Головные боли перестали мучить Гречушкина скорее, чем предполагали врачи. Но заикание, появившееся вследствие травмы головы, освоилось в гречушкинском речевом аппарате и грозило остаться навсегда. Однако главная беда была в другом.
Гречушкин, после того как его увезли на реанимобиле, не имел случая проверить, сохранил ли он свои мужские возможности, и ему почему-то казалось, что им причинен ущерб. Правда, он не понимал, как это может быть: где, как говорится, голова, а где… Но страх был. Из трех его соседей по палате неврологического отделения, куда Гречушкина перевели после того, как спасли ему жизнь, один, глубокий старик, лежал без слов и движений и в судьбе гречушкинской участия, естественно, не принимал. Из двух других один Гречушкина успокаивал, а другой поддерживал в нем невыносимые догадки. Тот, что поддерживал страх, был разговорчивей и культурней: кончил приборостроительный техникум и полагал, что разбирается решительно во всех приборах. Он по вечерам, перед сном, доводил Гречушкина до бессонницы рассказами о том, что деверь его после производственной травмы, не имеющей прямого отношения к воспроизводящим потомство органам, «попал в погашение» и теперь страдает от поведения жены, вынужденной — а куда же денешься? — изменять ему с кем попало, включая и его, гречушкинского соседа по палате. Гречушкин, отчасти уповавший на то, что во сне ему может подвернуться ситуация, которая хоть как-то прояснит, сохранился ли он как мужчина, злился и грубил соседу. Но уснуть потом не мог. А если засыпал, сны были короткие, вполглаза, ничего дельного не снилось, и это еще больше пугало больного.
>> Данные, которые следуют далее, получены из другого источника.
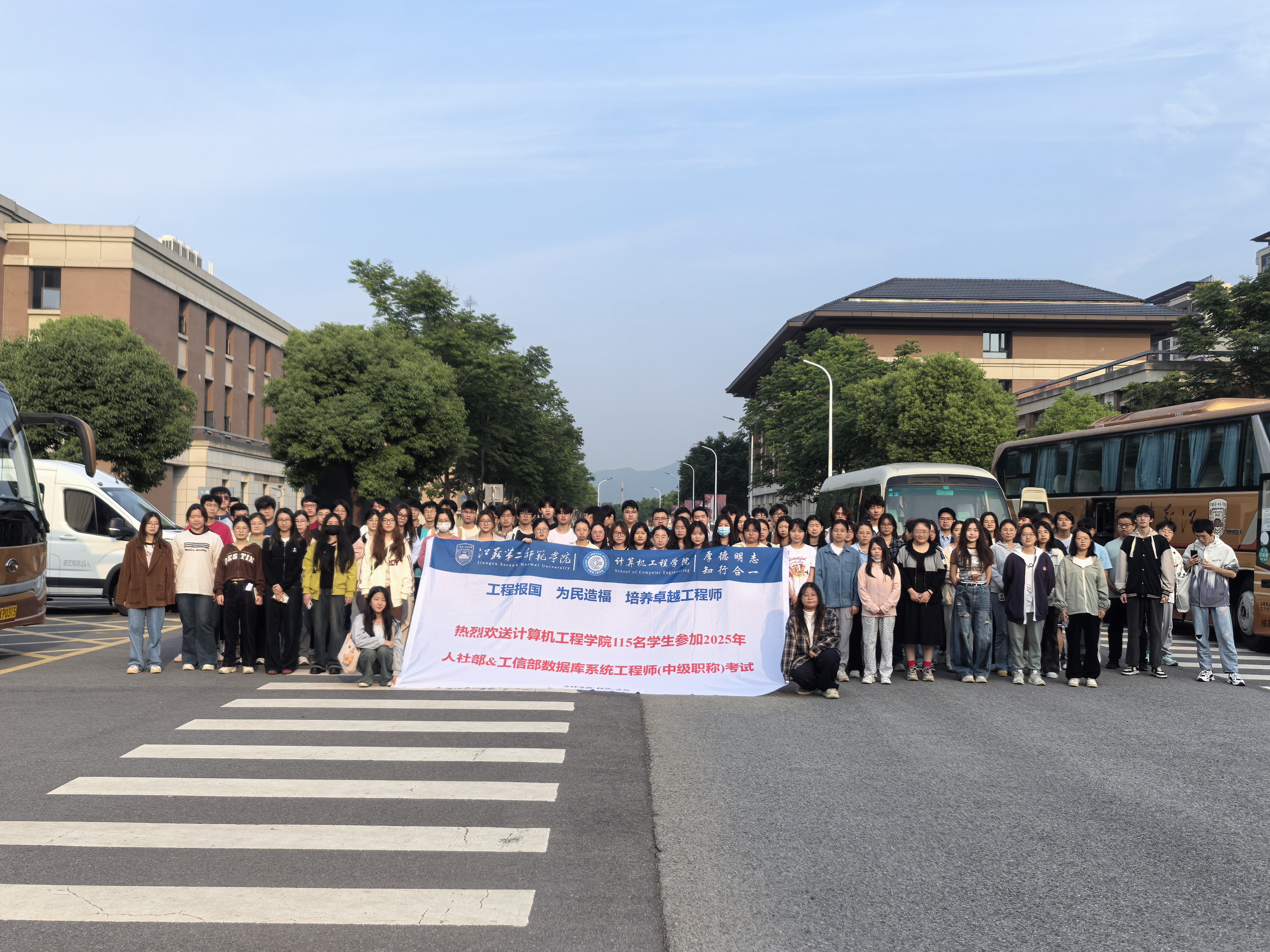 5月25日6:50,计算机工程学院在我校石湫校区欢送115名学生去参加2025年全国数据库系统工程师(中级职称)考试,考试时间为8:30-12:30。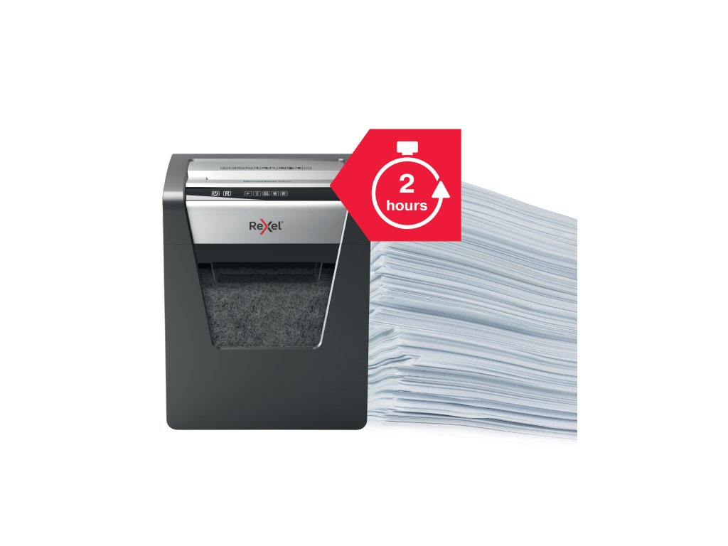 Nezastavitelná skartovačka! Rexel Momentum X415 skartuje až 15 listů najednou a vydrží v nepřetržitém chodu 2 hodiny, vhodná pro použití v menších kancelářích. Technologie proti zaseknutí papíru garantuje nepřerušované skartování. Křížový řez na úrovni zabezpečení P4 řeže papír na části o velikosti 4x40 mm. Dotykové ovládání pro snadné a intuitivní ovládání. Objemný koš s kapacitou 23 l pojme 225 listů A4.Extra dlouhý skartovací cyklus - zvládne skartovat nepřetržitě až 2 hodiny

Дело в том, что Гречушкин любил и ценил в себе именно большие мужские способности. Они удивляли его самого. Невидного, а для грузчика так просто слабого телосложения, он тяжелым физическим трудом невольно умерял свои хоть и не растущие, но постоянные потребности. Сейчас же, лежа целыми днями в постели или разгуливая без дела в халате, он вправе был ожидать в себе буйной игры чувств. И, не обнаруживая ее, был подавлен и угнетен. И ненавидел соседа-приборостроителя. Жаловаться на него лечащему врачу Гречушкин стеснялся: врачом была молодая рыжая женщина. Она нравилась ему. Но именно она и заронила в Гречушкине сомнение в его здоровье. Всякий раз, когда она брала его за руку, чтобы проверить пульс, он боялся, что легкая его больничная одежда не сумеет скрыть от врачихи, как он к ней относится. Но скрывать, увы, было нечего: никак он, оказывается, Гречушкин, к ней не относился! Это было ново… Гречушкин от постоянных тяжких раздумий стал терять аппетит. Врачиха была им недовольна. Гречушкин, веря, что все недовольства в женщине происходят от одного, главного недовольства, стыдился и нервничал еще больше. Возникал некий порочный круг.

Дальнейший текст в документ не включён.